American mathematician

Janice B. Walker is an American mathematician who taught and served as an administrator at Xavier University in Cincinnati and Assistant to the President and Chief Diversity and Inclusion Officer there.

==Biography==
Janice Anita Brown Walker was born in Meridian, Mississippi, and raised in Florida. She earned her BS in mathematics at Tuskegee University and her MA and Ph.D. in mathematics at the University of Michigan - Ann Arbor (1982). The title of her dissertation was Closure and Expansions in Series of Complex Exponentials and her advisor was Douglas Grassel Dickson.

Before earning her Ph.D., Walker held several University of Michigan positions in Ann Arbor. In 1982, Walker moved to Cincinnati, Ohio to become an assistant professor at Xavier University. In 1986, she was named associate professor, and beginning in 1992, she served as chair of the Mathematics and Computer Science department for seven years. In 1999, she became dean of the College of Arts and Sciences and served for 17 years.

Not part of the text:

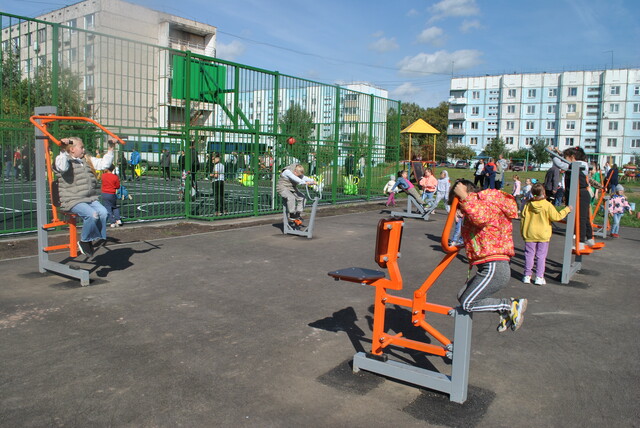 А затем площадка поступила в полное распоряжение жителей Северного микрорайона, как юных, так и взрослых, которые заполнили и игровое поле, и тренажеры.
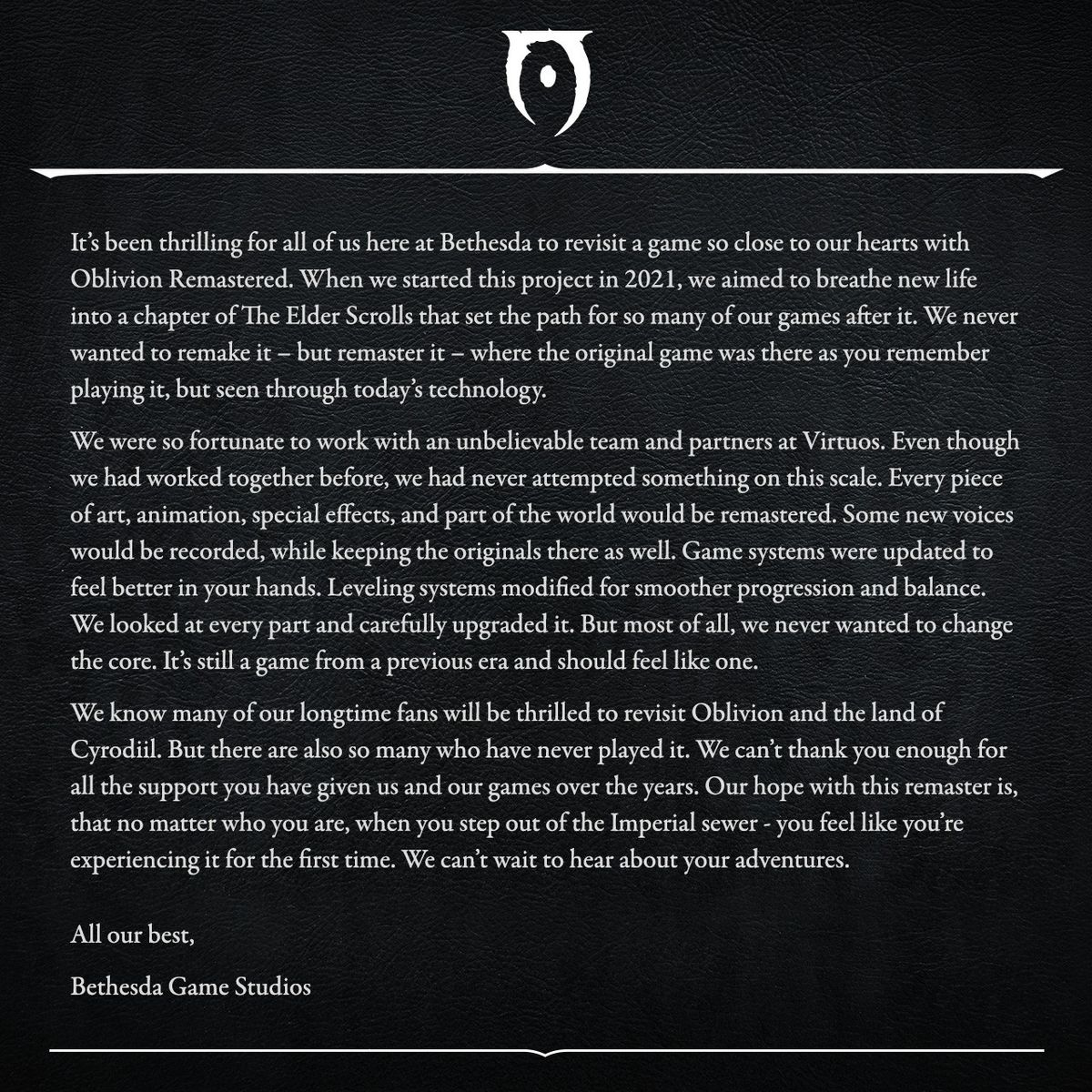 Bethesda aludiu a esse novo público em uma mensagem postada em Bluesky. “Sabemos que muitos de nossos fãs de longa data ficarão emocionados em revisitar o esquecimento e a terra de Cyrodiil”, escreveu o estúdio. “Mas também há muitos que nunca o jogaram.

Walker was Xavier's vice president for Institutional Diversity and Inclusion for five years after which she rejoined the mathematics department before retiring from the university.

In 2019, Walker contributed to Xavier's purchase of ten works of art for an exhibit titled, “Art at the X: Celebrating Women,” which was staged along with the university's 50th anniversary of the admission of women as traditional day students. The ten pieces were later added to the university's permanent art collection.

Walker retired from Xavier in 2022. She serves as a board member of Breakthrough Cincinnati and other community organizations.

== Publications ==

- Walker, Janice B. "A note on neighborhoods of analytic functions having positive real part." International Journal of Mathematics and Mathematical Sciences 13 (1990): 425-429.
- Walker, Janice Anita Brown. Closure and Expansions in Series of Complex Exponentials. University of Michigan, 1982.